Dataset extract:
----

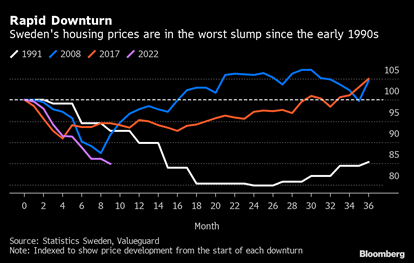 Swedish real estate prices are so far maintaining the same rate of decline as during the 2008 financial crisis (purple line). This time the Riksbank will not lower rates but, on the contrary, will raise them further.
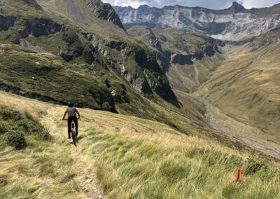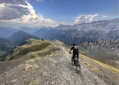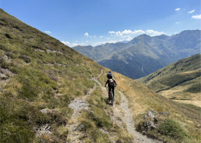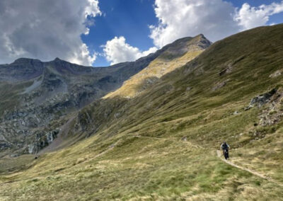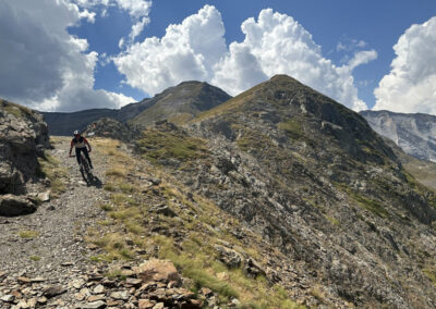 Trasa Transpyr to klasyczny odcinek przeprawy przez Pireneje, dostosowany do e-MTB. Prowadzi przez doliny po obu stronach pasma, wysokogórskie przełęcze, grzbiety i malownicze lasy. Charakter: długi, panoramiczny, wymagający kondycyjnie, ale technicznie łatwy. Trasa daje poczucie prawdziwej przeprawy górskiej. Po zakończeniu możliwy transfer w kierunku Barcelony lub nocleg po drodze.
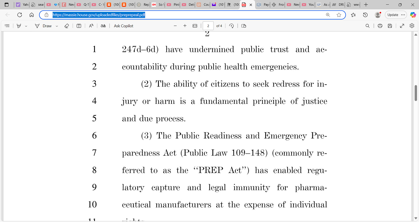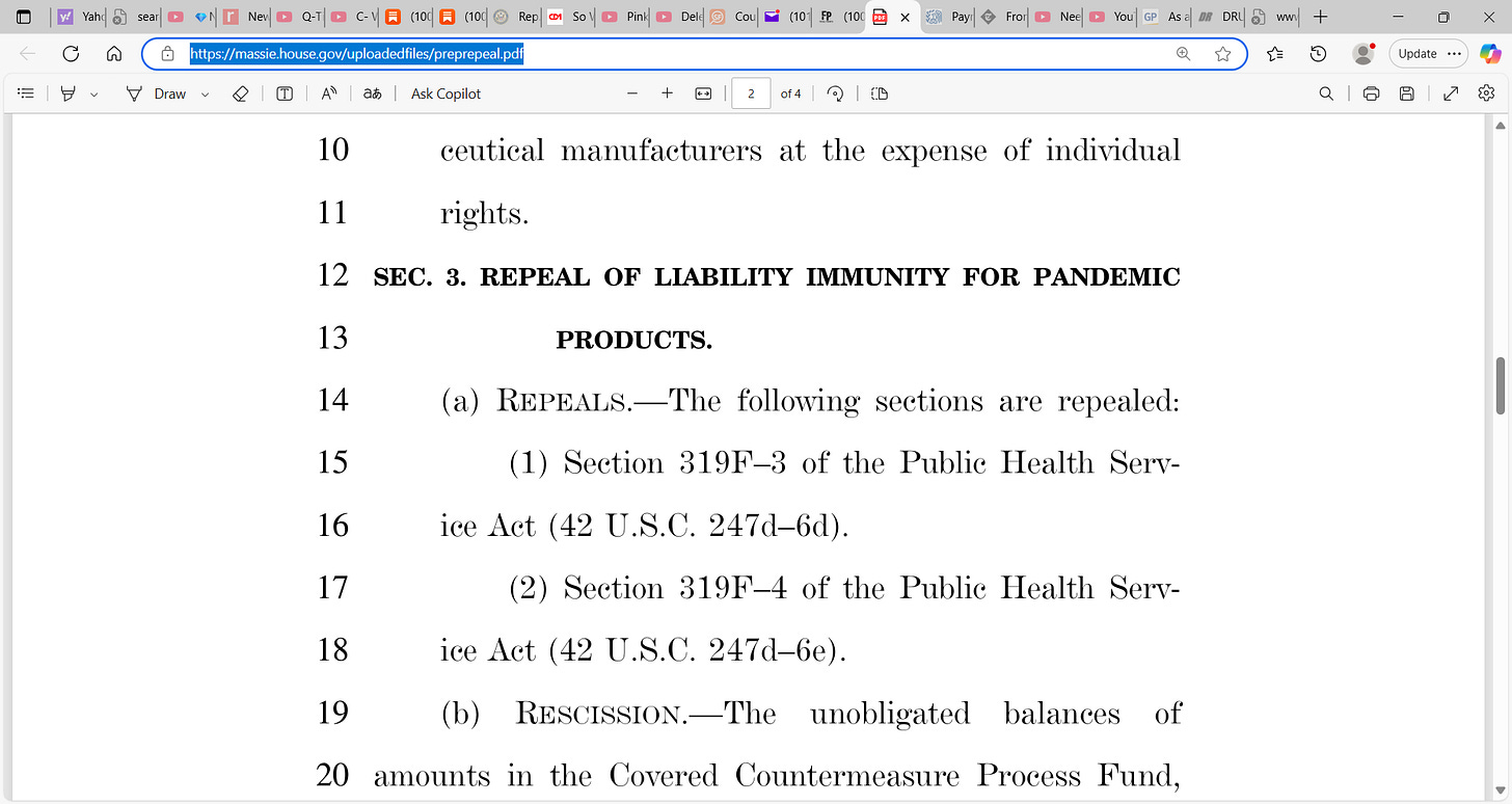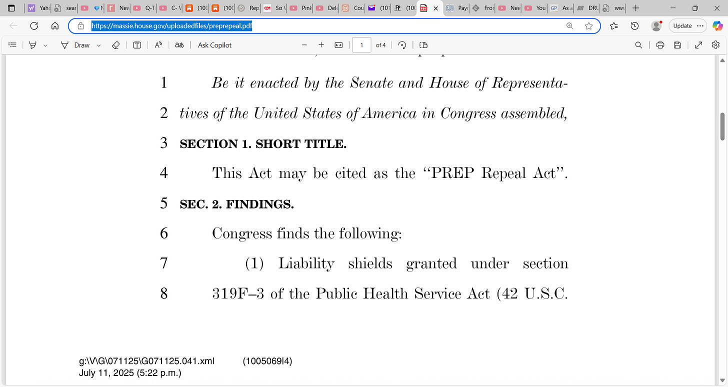 Come on POTUS Trump, give us the American people the fucking right to sue these beasts, help us, at least let us enter courts. Pass this bill. Get it passed, do this for us, at least. We trust you and I still stand with you. Massie is correct! We must end these deadly countermeasures. These ineffective deadly Malone Weissman Sahin et al. mRNA transfection injections inoculations. I support Massie’s PREP Repeal Act 4388. It works to repeal and end Sections 319F–3 and 319F–4 of the Public Health Service Act — in effect ending liability and legal protections for pandemic countermeasures.

----

Task goal:
Strip out the pictures and reproduce the remaining material above exactly.

Response to this exercise:
 Swedish real estate prices are so far maintaining the same rate of decline as during the 2008 financial crisis (purple line). This time the Riksbank will not lower rates but, on the contrary, will raise them further.
 Trasa Transpyr to klasyczny odcinek przeprawy przez Pireneje, dostosowany do e-MTB. Prowadzi przez doliny po obu stronach pasma, wysokogórskie przełęcze, grzbiety i malownicze lasy. Charakter: długi, panoramiczny, wymagający kondycyjnie, ale technicznie łatwy. Trasa daje poczucie prawdziwej przeprawy górskiej. Po zakończeniu możliwy transfer w kierunku Barcelony lub nocleg po drodze.
 Come on POTUS Trump, give us the American people the fucking right to sue these beasts, help us, at least let us enter courts. Pass this bill. Get it passed, do this for us, at least. We trust you and I still stand with you. Massie is correct! We must end these deadly countermeasures. These ineffective deadly Malone Weissman Sahin et al. mRNA transfection injections inoculations. I support Massie’s PREP Repeal Act 4388. It works to repeal and end Sections 319F–3 and 319F–4 of the Public Health Service Act — in effect ending liability and legal protections for pandemic countermeasures.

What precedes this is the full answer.